Stored items from a collection
———

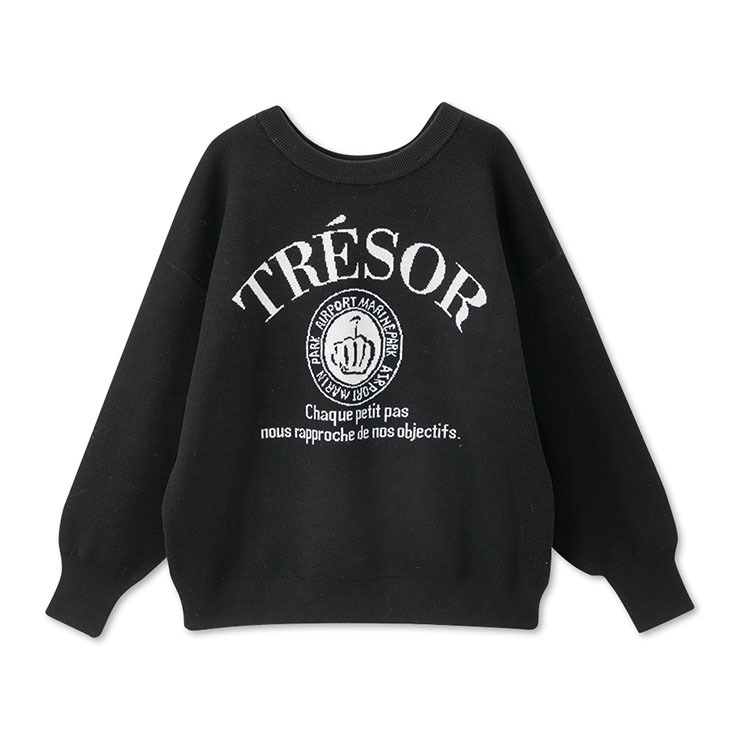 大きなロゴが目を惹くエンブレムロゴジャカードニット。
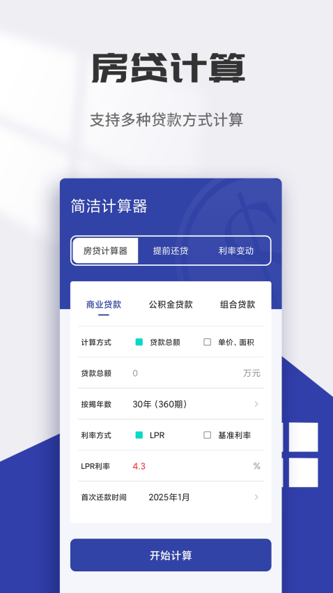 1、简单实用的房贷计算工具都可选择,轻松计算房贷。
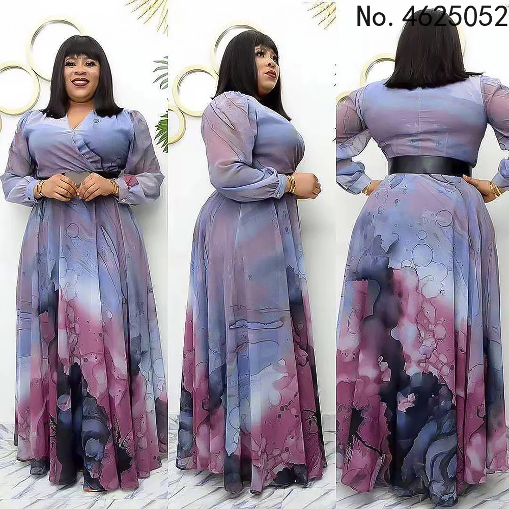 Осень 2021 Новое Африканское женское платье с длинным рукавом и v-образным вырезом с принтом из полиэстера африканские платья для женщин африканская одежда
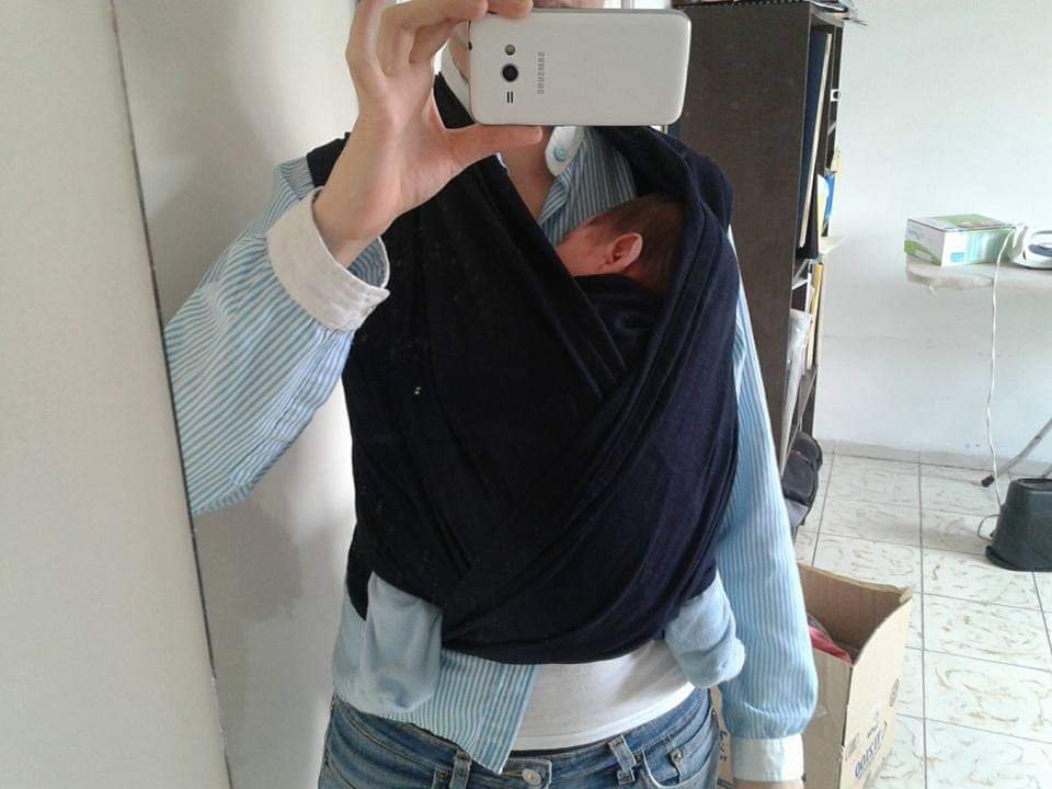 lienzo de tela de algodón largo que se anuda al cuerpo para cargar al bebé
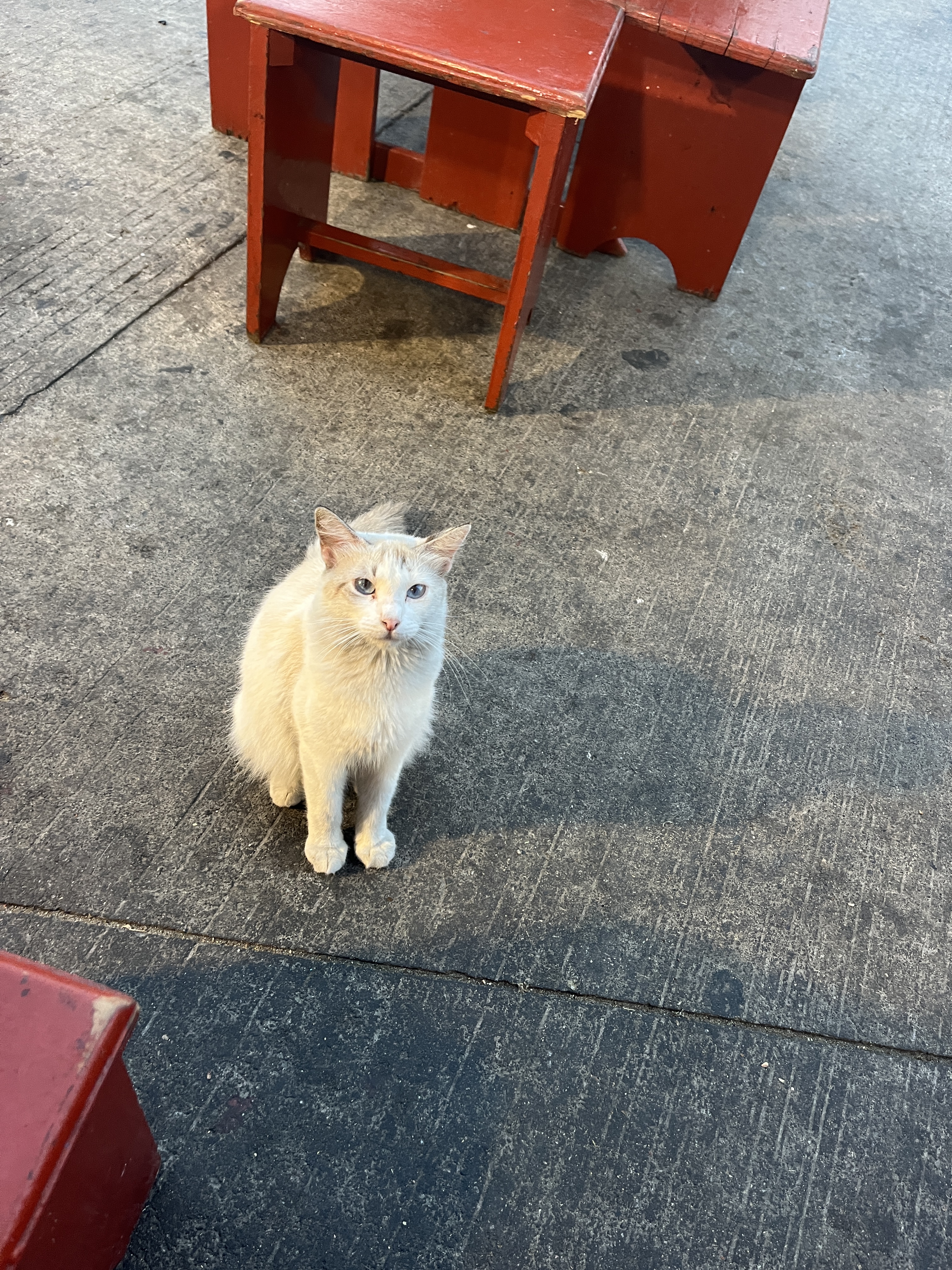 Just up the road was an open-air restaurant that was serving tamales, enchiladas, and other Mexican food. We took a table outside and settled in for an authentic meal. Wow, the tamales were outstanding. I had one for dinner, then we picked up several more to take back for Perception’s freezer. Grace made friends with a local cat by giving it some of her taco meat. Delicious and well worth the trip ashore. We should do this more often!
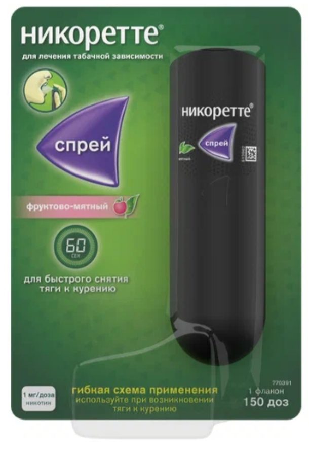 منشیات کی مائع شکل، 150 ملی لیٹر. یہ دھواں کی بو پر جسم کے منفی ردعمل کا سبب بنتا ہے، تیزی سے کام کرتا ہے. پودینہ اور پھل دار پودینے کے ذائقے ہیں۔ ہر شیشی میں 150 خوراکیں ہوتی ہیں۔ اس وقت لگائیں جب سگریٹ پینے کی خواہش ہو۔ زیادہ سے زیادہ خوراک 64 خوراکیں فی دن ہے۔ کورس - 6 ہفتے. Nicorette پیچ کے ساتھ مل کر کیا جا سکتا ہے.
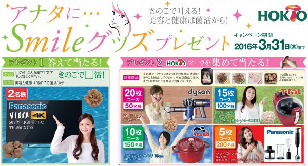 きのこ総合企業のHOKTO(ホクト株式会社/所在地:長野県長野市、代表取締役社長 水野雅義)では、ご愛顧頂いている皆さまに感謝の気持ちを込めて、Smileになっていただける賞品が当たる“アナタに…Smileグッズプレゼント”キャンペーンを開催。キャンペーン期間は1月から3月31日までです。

———

**EXERCISE DESCRIPTION**
For this exercise, copy each line of the data above exactly, from the first through the line containing "lienzo de tela", and drop the pictures.

**COMPLETED TASK**
 大きなロゴが目を惹くエンブレムロゴジャカードニット。
 1、简单实用的房贷计算工具都可选择,轻松计算房贷。
 Осень 2021 Новое Африканское женское платье с длинным рукавом и v-образным вырезом с принтом из полиэстера африканские платья для женщин африканская одежда
 lienzo de tela de algodón largo que se anuda al cuerpo para cargar al bebé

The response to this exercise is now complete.